What I am keen here are the questions raised by investors during the AGM. The manager of Mapletree Logistics Trust had published their response to the queries.

The manager had categorise the questions into Economy/Strategy, Performance and Others.

Economy/Strategy

  • Can the Board show us a strategic road map for growth?
  • Can you share the future organic and inorganic growth plans for the REIT in the next 3 to 5 years?

Response
In line with our objective to provide Unitholders with competitive total returns through regular distributions and growth in asset value, we consistently pursued a “Yield + Growth” strategy.

This strategy comprises a three-pronged approach:

  • Yield optimisation on existing portfolio refers to the proactive leasing and asset management of MLT’s portfolio (organic growth). This includes plans to maintain high and stable occupancy rates and a well-staggered lease expiry profile. In addition, we review our asset plans to identify potential candidates for redevelopment to rejuvenate our portfolio and generate further value. In FY22/23, we will be embarking on the redevelopment of 51 Benoi Road in Singapore that will generate a 2.3 times increase in gross floor area post redevelopment in three years’ time. We are also looking to divest certain older properties with little redevelopment potential and re-deploy the capital released into investment of higher yielding, modern assets.
  • Growth via acquisitions (inorganic growth). We aim to deepen MLT’s network connectivity in Asia Pacific through the addition of modern, well-located assets in key logistics hubs. A growing network enables MLT to offer customers a variety of leasing options in multiple cities, which enhances MLT’s competitive advantage. We will remain disciplined and selective in our investment decisions to ensure they are yield-accretive and value enhancing; and
  • Prudent capital management to maintain a strong balance sheet and well-spread debt expiry profile with diverse funding sources, while managing exposure to interest rate and forex volatilities through appropriate hedging strategies.

In addition, we have stepped up our efforts to build a sustainable, climate-resilient portfolio. To bring focus to this commitment, we target to achieve carbon neutrality for Scope 1 and 2 emissions by 2030. We are establishing a green roadmap that includes action plans to increase green building certifications for both old and new buildings, and expand MLT’s solar energy generating capacity over time. We believe that these efforts will not only benefit the environment, but will also enhance the attractiveness and resilience of our portfolio.

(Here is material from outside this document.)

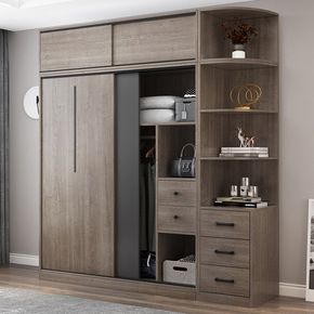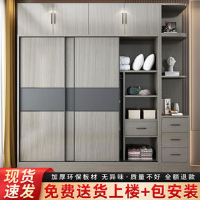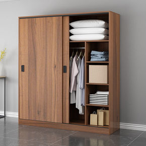 推拉门衣柜家用卧室现代简约原木风出租房用结实简易收...
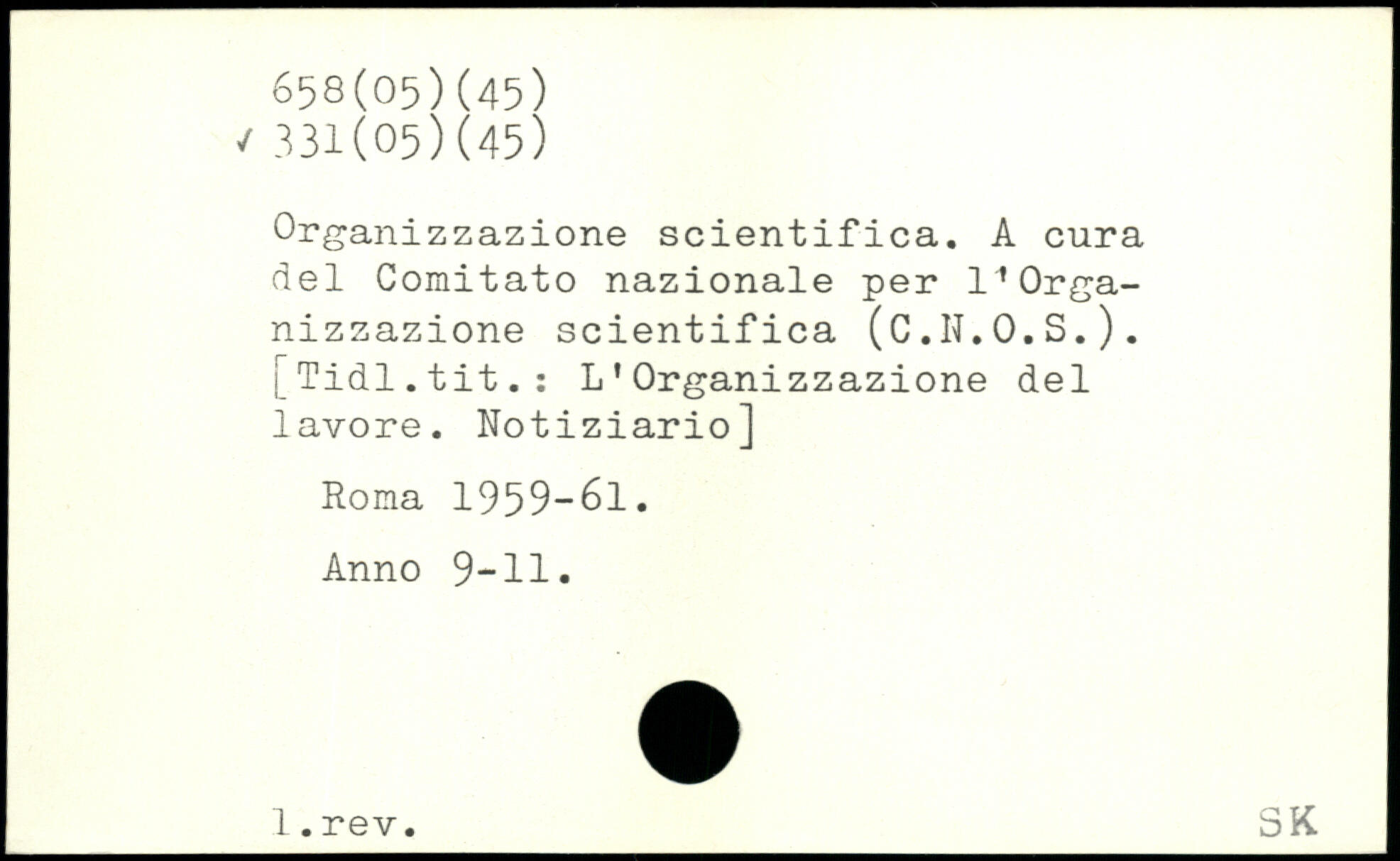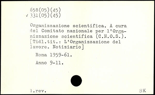 Organizzazione scientifica. A cura del Comitato nazionale per 11Orga-nizzazione scientifica (C.N.O.S.). [Tidl.tit.: L’Organizzazione del lavore. Rotiziario]

The responses are self explanatory. In summary, the manager will continue to renew expiring leases, redevelop their property at 51 Benoi Road and divest their existing properties to recycle their capital for further acquisitions.

Like other REITs, Mapletree Logistics Trust is also embarking on green initiatives such as expansion of their solar energy panels to their other buildings in their portfolio. This can probably save them some cost since electricity prices are soaring. At this point in time, I am still not confident whether Green initiatives can directly translate into cost savings.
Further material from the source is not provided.